SharePoint isn't a product created to function alone. Many of its features allow data or the functionalities from external systems to be integrated with SharePoint. It has several APIs to integrate with web services and Business Connectivity Services to integrate data from other sources.
Most organizations have integrated SharePoint with Windows Authentication, so the user doesn’t have to even type credentials to log into SharePoint.
But how about allowing a SharePoint user to sign into another system for another functionality? Is there something like a single sign-on (SSO) that keeps the user from having to enter credentials to the same service again and again?
The SSO feature was introduced with Microsoft Office SharePoint Portal Server 2003 and improved with SharePoint Server 2007. SSO allowed one to retrieve information from external systems such as ERPs and CRMs by just signing in once through SharePoint. SharePoint then stored credentials and prevented prompting again and again in subsequent attempts to access those services.
Secure Store Service was introduced as a replacement to the SSO feature in SharePoint 2010.
One example of how it’s useful is it can allow a company's SharePoint intranet users to access the HR Management System (HRMS) available on another platform.
The administrators of the SharePoint intranet aren’t the same administrators of the HRMS. In that case, the employees of the HR Department require high privileged access over others and should be able to view every employee’s information. Everyone else in any other department is just a member of the HRMS who can only view their own data.
With Secure Store Service the employees of the HR department can be given higher privileges to the HRMS while other users get limited privileges if necessary.
What Happens Behind the Scenes?
Secure Store Service contains a physical database and runs on an application server. This database stores the user names, passwords, and other user-defined fields that are specific to a user or a group.
There can be multiple sets of credentials that are used for multiple back-end systems stored in this database.
The Secure Store Service accepts and decrypts security tokens provided by the applications in order to identify the application ID. These security tokens are issued by the Security Token Service (STS) when an application requests authentication. Once the token is authenticated, the credentials are used to authorize access to the resources.
Applications That Use Secure Store Service
SharePoint has its built-in services that can be supported through Secure Store Service. They are as follows:
- Excel Services
- Visio Services
- Business Connectivity Services
- PowerPivot for SharePoint
- PerformancePoint Services
Secure Store Service allows you to maintain audit logs. However, this is disabled by default. Given the possible security threats, this is a good way to track the service’s actions by means of the time they were performed, whether they succeeded, or to track reasons for failure.

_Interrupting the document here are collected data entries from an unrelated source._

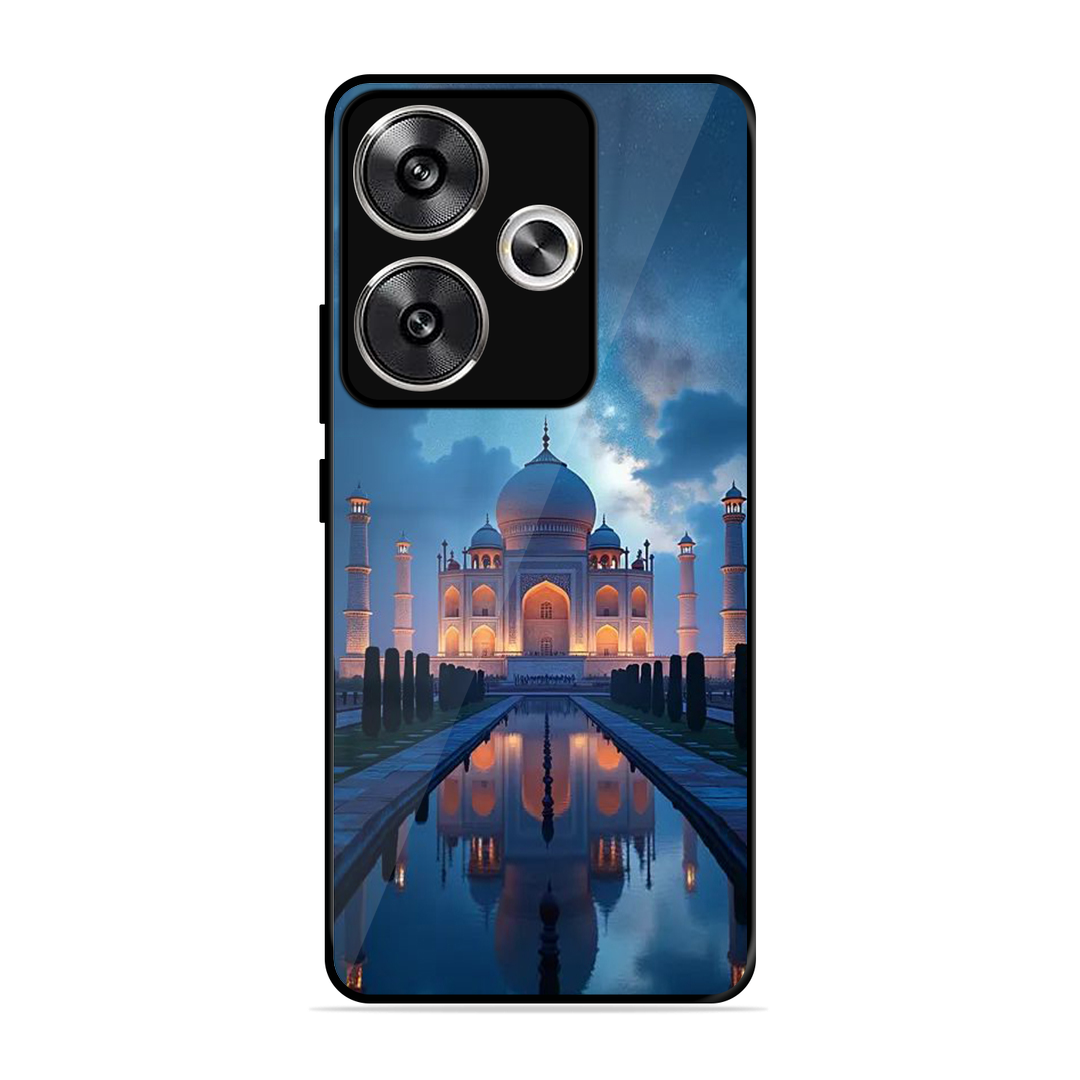 Tempered Glass Coated Metal Back Case for Poco F6 5G Night Taj Mahal
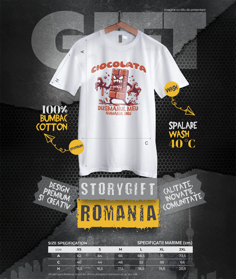 Tricou Femei cu Tableta De Ciocolata Furioasa Monstru Cu Gheare Dulciuri Desert cu imprimeu pe Fata, 100% Bumbac, Alb, L
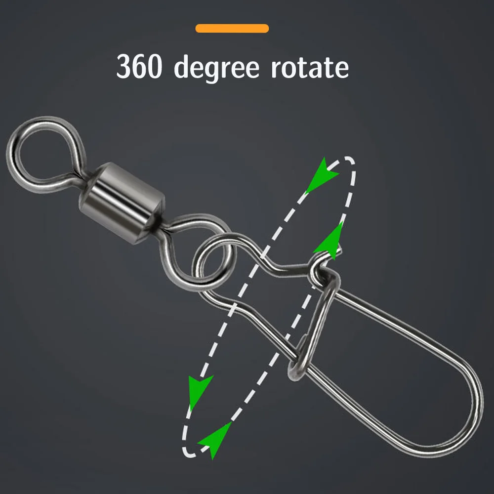Conector a presión giratorio, rodamiento de pasador de acero inoxidable, interbloqueo giratorio 360, aparejos de anillo en forma de 8, herramientas de Pesca, gancho, señuelo, conexión de alambre, accesorios de pesca

Deployment of a Secure Store Service using the SharePoint interface is similar to the deployment of any other service application. But there are some best practices or recommended guidelines that you need to be aware of.
- Secure Store database is recommended to be located in a different SQL Server instance.
- Secure Store Service must run in a separate application pool specific to the service.
- Backups need to be created at regular intervals including as soon as the service is deployed.
Also it’s recommended to store the backups in a secure media to reduce the threats of misusing the credentials.
The best thing about Secure Store Service is that it solves the problem of having to sign into many applications and entering different usernames and passwords. This is managed through the SharePoint administration and keeps the credentials stored secure and safe within a secured storage.
With Secure Store Service and Windows Authentication integrated, access to all my organizational applications is just one sign-in to the Windows OS.